There is nothing in the language of this section to suggest that the power to alter or add to an assessment cannot be exercised more than once. If any doubt could arise on the point it is, in my opinion, removed by sec. 33 of the Acts Interpretation Act 1901, which provides that—"(1) Where an Act confers a power or imposes a duty, then, unless the contrary intention appears, the power may be exercised and the duty shall be performed from time to time as occasion requires."
The suggested limitation of the power of the Commissioner must therefore be sought for elsewhere. The appellants contend that it is to be found in secs. 59 and 60 of the Act, either alone or in conjunction with the doctrine that money paid under a mistake of law cannot be recovered back, and that no amendment of an assessment which would have the effect of such a recovery can be made.
By sec. 15 of the Act taxpayers are required to furnish annual returns of lands owned by them with their value. Sec. 18 requires the Commissioner from these returns and valuations and other sources to cause assessments to be made for the purpose of ascertaining the amount upon which land tax shall be levied. I have already read sec. 20. Sec. 21 deals with two specific cases. The first is the case of an assessment made by the Commissioner upon the taxpayer's return without obtaining any independent valuation.
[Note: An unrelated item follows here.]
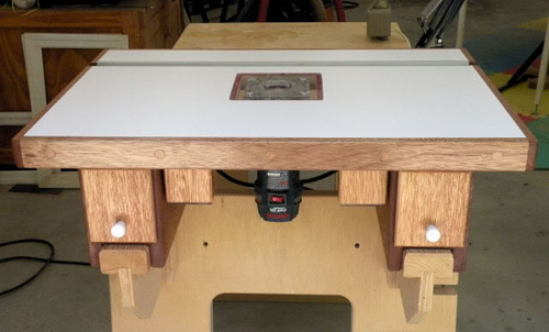 This is a small router table I designed for a Bosch Colt trim router. I’ve used it a good bit and

In that case, if from valuations made or obtained by him or other information in his possession the Commissioner finds that the assessment ought to have been for a greater amount, he may alter the assessment as from its original date, but the power must be exercised within two years from the date of first assessment. The amendment of 4th April 1913 was such a case. The second case is the omission of land from the original assessment, which error may be corrected if discovered "at any time thereafter." The amendment of 12th August 1911 was such a case.
In the case now before us the first assessment was made upon the taxpayer's return without any independent valuation obtained by the Commissioner, but the amendment, so far as it is complained of, although it was made after the expiration of two years from the date of the first assessment, was not an alteration of the original assessment made upon the basis of valuations made or obtained by the Commissioner, but a mere reverting to the valuation made upon the appellants' return. It does not, therefore, fall within the limitation of two years.
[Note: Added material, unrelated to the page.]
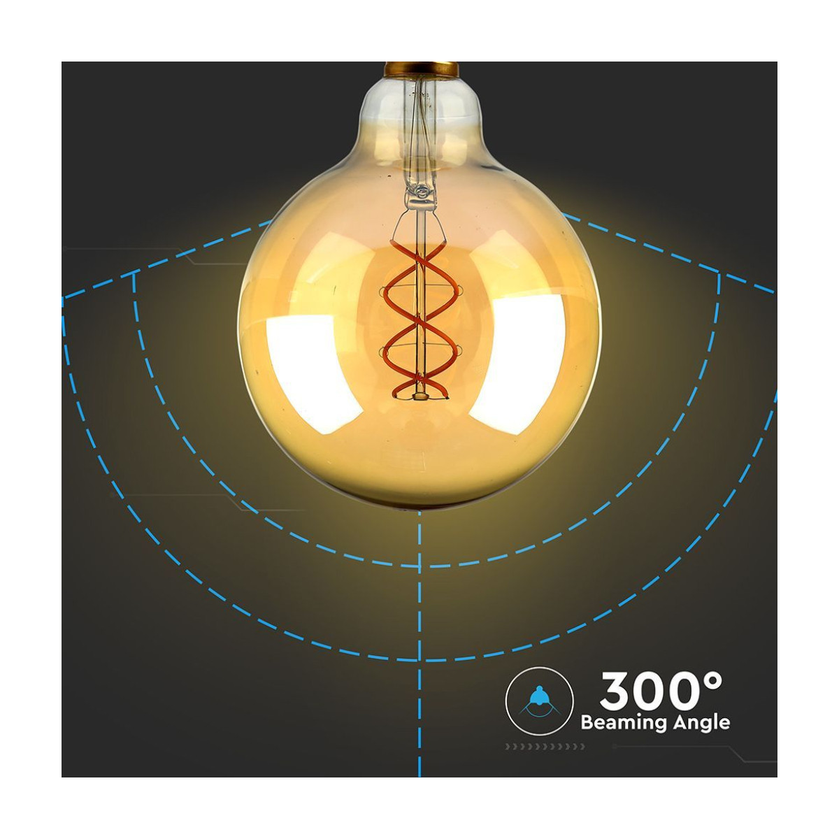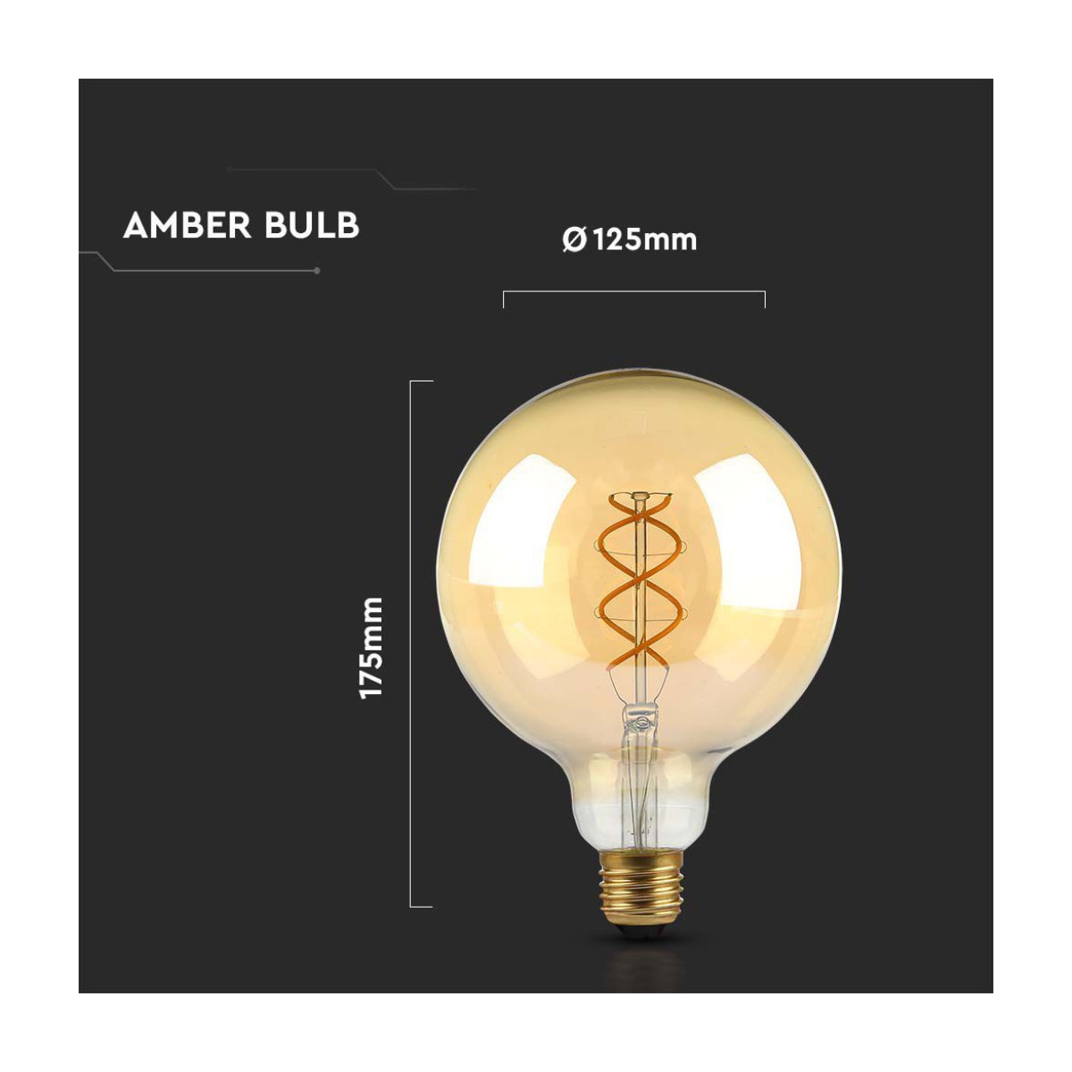 V-TAC Lampadina LED E27 5W G125 Filamento Ambrato 1800K

By sec. 23 the production of the assessment (by which I understand the record of it in the Commissioner's books) is conclusive evidence that the amount and all the particulars of the assessment, which certainly include the taxable value, are correct, except in proceedings on appeal against it. The only questions which can be raised on appeal are that the appellant is not liable for the tax or any part of it or that the assessment is excessive, i.e., in amount (sec. 44). This excess may arise from too great a value being given to the land, which is a matter of fact (although it may involve a matter of law as to the proper basis of valuation), or from omission to allow some deduction allowed by the Act from the gross value.
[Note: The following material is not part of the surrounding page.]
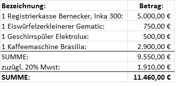 In Zusammenhang mit der entgeltlichen Übertragung des von der Vorbesitzerin mit der "Brau Union" geschlossenen Lieferübereinkommens sowie mit der entgeltlichen Übertragung des Inventars des Geschäftslokals wurden die nachstehenden Beträge wie in Rechnung gestellt: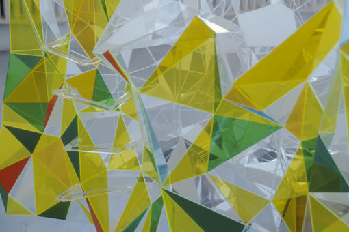 • Flatter Flatterer (detail), 2005 plexiglas, hardwood, and stainless steel 46" h x 46" x 106"

By sec. 24 the Commissioner is required to cause notice of the assessment to be given to the taxpayer. By sec. 49 land tax for each year is due and payable on a date appointed by the Governor-General by notice in the Gazette. By sec. 51 it is to be deemed when it becomes due and payable to be a debt due to the King on behalf of the Commonwealth, and by sec. 54 no Statute of Limitations at any time in force is to bar or affect any action or remedy for its recovery.
Secs. 59 and 60 are as follows:—
If within three years after any land tax has been paid, it is discovered that too little in amount has been paid, the taxpayer liable for the tax shall forthwith pay the deficiency ...
If within three years after any land tax has been paid, it is discovered that too much in amount has been paid, whether by reason of duplicate taxation or otherwise, the Commissioner upon being satisfied thereof shall order the excess to be returned to the taxpayer entitled thereto.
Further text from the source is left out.